Is Inverse Reinforcement Learning Harder than Standard Reinforcement Learning?
Zhao, Lei, Wang, Mengdi, Bai, Yu
Inverse Reinforcement Learning (IRL) -- the problem of learning reward functions from demonstrations of an \emph{expert policy} -- plays a critical role in developing intelligent systems, such as those that understand and imitate human behavior. While widely used in applications, theoretical understandings of IRL admit unique challenges and remain less developed compared with standard RL theory. For example, it remains open how to do IRL efficiently in standard \emph{offline} settings with pre-collected data, where states are obtained from a \emph{behavior policy} (which could be the expert policy itself), and actions are sampled from the expert policy. This paper provides the first line of results for efficient IRL in vanilla offline and online settings using polynomial samples and runtime.
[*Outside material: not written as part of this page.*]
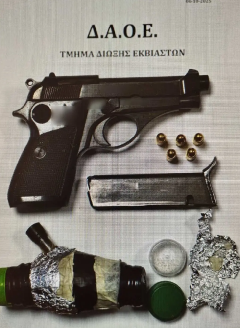 Συγκεκριμένα, όπως ανακοινώθηκε από την ΕΛ.ΑΣ., στο πλαίσιο ελέγχων, που πραγματοποιούνταν από κλιμάκιο αστυνομικών του Τμήματος Δίωξης Εκβιαστών σε καταστήματα υγειονομικού ενδιαφέροντος στην ευρύτερη περιοχή της Αττικής, ο κατηγορούμενος εντοπίστηκε κατά την έξοδό του από νυχτερινό κέντρο διασκέδασης και σε σωματικό έλεγχο, που του ασκήθηκε, εντοπίστηκαν στην κατοχή του και κατασχέθηκαν:

We first design a new IRL algorithm for the offline setting, Reward Learning with Pessimism (RLP), and show that it achieves polynomial sample complexity in terms of the size of the MDP, a concentrability coefficient between the behavior policy and the expert policy, and the desired accuracy. Building on RLP, we further design an algorithm Reward Learning with Exploration (RLE), which operates in a natural online setting where the learner can both actively explore the environment and query the expert policy, and obtain a stronger notion of IRL guarantee from polynomial samples. We establish sample complexity lower bounds for both settings showing that RLP and RLE are nearly optimal. Finally, as an application, we show that the learned reward functions can \emph{transfer} to another target MDP with suitable guarantees when the target MDP satisfies certain similarity assumptions with the original (source) MDP.